Поставила чай и долго смотрела в окно, как пухло лежит под деревьями, в лунках, вскопанная земля, как с голых веток сыплются птицы на яркую траву, как замерли облака в синем глубоком небе.
Весна.
До чего же хорошо вернуться домой! И как хорошо, что у каждого есть дом, мир привычных вещей, среди которых прошла жизнь! Зачем-то уехала, наивно верила, что издалека, из прошлого лучше увижу свой сегодняшний день… Но куда бы мы ни уезжали, рядом с нами всегда живут заботы и беды сегодняшнего дня. Прошлое стало чужим, а чужое никогда и ничему не учит.
На фоне неба вырисовывалась крона тополя, густо усеянная грачами, похожими издалека на черные обгоревшие листья. Как будто дерево пережило пожар.
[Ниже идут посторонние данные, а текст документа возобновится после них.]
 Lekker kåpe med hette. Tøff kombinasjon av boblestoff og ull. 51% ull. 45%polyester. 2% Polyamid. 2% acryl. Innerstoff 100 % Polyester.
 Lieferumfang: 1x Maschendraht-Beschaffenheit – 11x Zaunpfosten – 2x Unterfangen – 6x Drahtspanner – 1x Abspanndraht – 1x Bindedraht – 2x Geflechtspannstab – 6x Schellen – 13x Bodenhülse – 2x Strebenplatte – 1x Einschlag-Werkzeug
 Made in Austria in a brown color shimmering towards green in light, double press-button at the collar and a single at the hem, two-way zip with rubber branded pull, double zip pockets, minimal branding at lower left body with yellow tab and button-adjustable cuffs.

Вдруг грачи взмыли все разом вверх, и крона тополя стала прозрачной, голой, над ней, взрывая воздух криками, черной тучей кружились птицы.
Кира Сергеевна долго пила чай, разбирала почту, сложенную на столе. Запоздалые поздравления с женским днем, письма от коллег, с которыми летом была на семинаре, Ленкин рисунок, под ним — милые каракули: «Любимой Кире, будем жить все в мире». Не иначе, Иринино творчество.
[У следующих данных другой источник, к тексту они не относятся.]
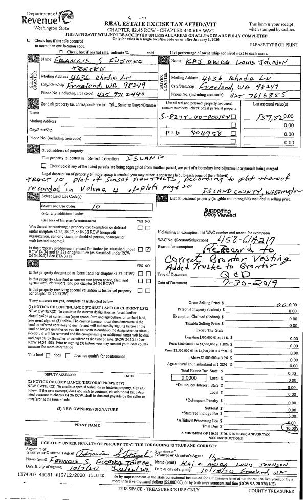 | Mailing Address: | MAILENIE LEILANI VADERS 5919 W FLOWING LAKE RD SNOHOMISH, WA 98290 | % Ownership: | 100.0000000000% |
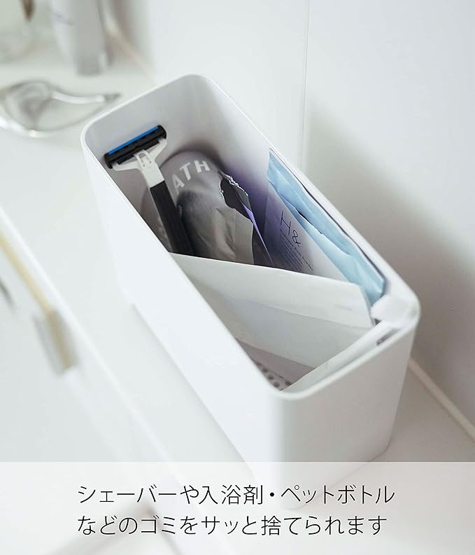 浴室壁面で出るシェーバーや入浴剤、ペットボトルなどのゴミをサッと捨てられる、便利なゴミ箱。
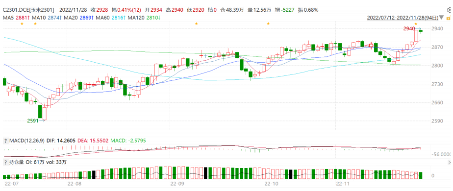 11月行情整體呈現先抑后揚態勢。農戶售糧進度偏慢,市場擔憂后期售糧壓力會壓制盤面價格,上半月價格價格呈下跌態勢。但產地持續惜售,貿易商挺價,深加工有備貨需求的前提下,不斷提價收購,玉米現貨價格持續上漲,帶動盤面強勢上漲。
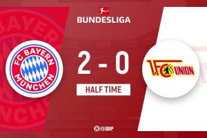 上半場(chǎng)傷停補(bǔ)時(shí)1分鐘,半場(chǎng)結(jié)束,拜仁暫2-0柏林聯(lián)合。

На плите стояла холодная кастрюля, Кира Сергеевна подняла крышку и удивилась: вареники с картошкой, зажаренные салом и луком, как любил Александр Степанович.
Медленно обошла комнаты. Провела пальцем по полировке стола — тонкая скобочка пыли осталась на пальце. Здесь убирали вчера, не раньше. Заглянула на балкон, увидела, как странно висят его сорочки. Правильно прихвачены прищепками за подол. Он вешал иначе, воротничком кверху.
Вдруг она поняла: вчера здесь была женщина. Уборка, вареники, сорочки — все это могла только женщина. Он бы так не смог, да и зачем ему, он не знал, что я быстро вернусь.
Что-то ударило в голову, забилось в висках, она закрыла глаза, постояла так. Потом опять пошла в комнаты, осмотрела все, желая и боясь найти следы: оброненную шпильку, забытую пудру, носовой платок… Все молчало, все было полно вражды и тайны.
Как он мог, как смел приводить ее сюда! Впускать в мой дом! Стыдно, безнравственно, он и сегодня может привести ее, ведь не знает, что я уже дома, — дойти до того, чтобы приводить сюда своих шлюх! Снять трубку сейчас, сказать ему: «Ты все перепутал, любезный, здесь не дом свиданий, поищи другое место!»
Но она, конечно, не позвонила. Стояла, не зная, что делать. Хотелось бежать из этого вычищенного, но грязного места, где каждая вещь осквернена прикосновением чужих нечистых рук.
Открыла чемодан. Выложила подарки, гостинцы, запихнула в сумку. Хотела убрать чемодан и передумала, выволокла в прихожую. Пусть сразу увидит!
Оделась, схватила сумку. Постояла в прихожей, где все стало чужим: выстроенные в ряд щетки, какие-то пояса на вешалке — чьи они? Бумажная роза свисает с зеркала — какая гадость!
Куда теперь? Только четыре часа, Ирина приходит в шесть. Но и здесь оставаться нельзя.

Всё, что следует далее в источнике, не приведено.